• To do
Reproduce only this stretch of the listing below: from the line with "New large pendant" through the line with "部屋の隅っこの方では、氷川がギターの練習してました!", exactly as written, with pictures excluded.
Dataset extract START
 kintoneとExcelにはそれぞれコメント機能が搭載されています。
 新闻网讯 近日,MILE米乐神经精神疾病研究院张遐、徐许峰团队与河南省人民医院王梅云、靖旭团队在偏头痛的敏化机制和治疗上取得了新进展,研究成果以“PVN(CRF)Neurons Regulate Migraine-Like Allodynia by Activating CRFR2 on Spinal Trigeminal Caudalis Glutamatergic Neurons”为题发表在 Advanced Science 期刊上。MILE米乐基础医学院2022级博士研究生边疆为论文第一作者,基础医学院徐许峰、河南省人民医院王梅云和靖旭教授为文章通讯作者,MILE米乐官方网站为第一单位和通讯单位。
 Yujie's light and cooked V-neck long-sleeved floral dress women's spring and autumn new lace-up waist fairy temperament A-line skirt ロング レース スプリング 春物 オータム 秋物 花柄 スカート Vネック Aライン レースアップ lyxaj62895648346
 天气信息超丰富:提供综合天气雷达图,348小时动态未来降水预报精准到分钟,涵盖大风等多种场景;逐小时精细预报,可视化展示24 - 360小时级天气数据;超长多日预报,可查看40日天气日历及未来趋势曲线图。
Dataset extract END
Dataset extract START
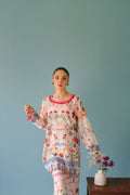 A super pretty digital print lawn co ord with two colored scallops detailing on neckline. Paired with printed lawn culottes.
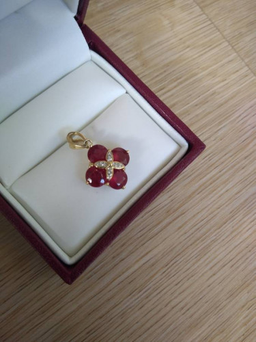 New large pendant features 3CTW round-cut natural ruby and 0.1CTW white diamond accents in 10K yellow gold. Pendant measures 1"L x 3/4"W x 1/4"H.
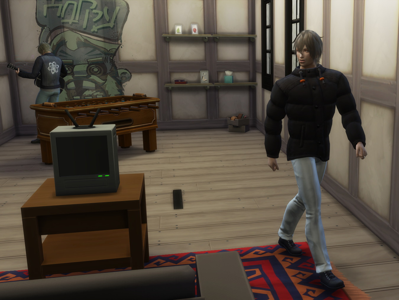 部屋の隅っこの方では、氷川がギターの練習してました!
Dataset extract END
Dataset extract START
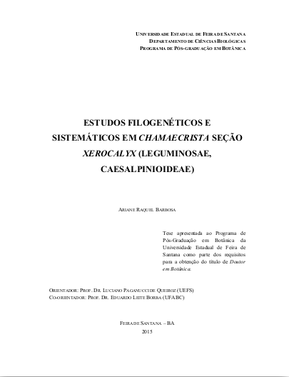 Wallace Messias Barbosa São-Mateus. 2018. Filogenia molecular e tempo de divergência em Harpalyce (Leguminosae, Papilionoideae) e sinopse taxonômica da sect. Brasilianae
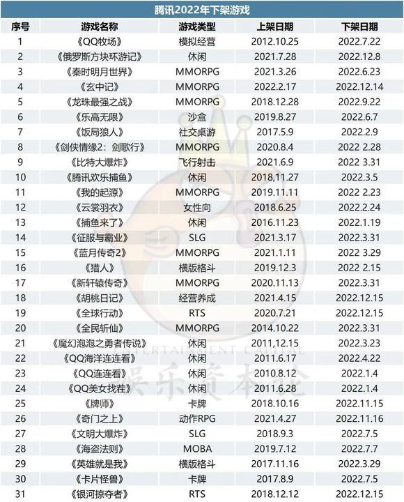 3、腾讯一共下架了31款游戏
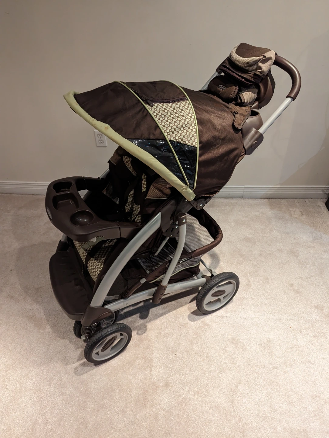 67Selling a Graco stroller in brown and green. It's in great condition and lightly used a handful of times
Dataset extract END
• Solution to this exercise
 New large pendant features 3CTW round-cut natural ruby and 0.1CTW white diamond accents in 10K yellow gold. Pendant measures 1"L x 3/4"W x 1/4"H.
 部屋の隅っこの方では、氷川がギターの練習してました!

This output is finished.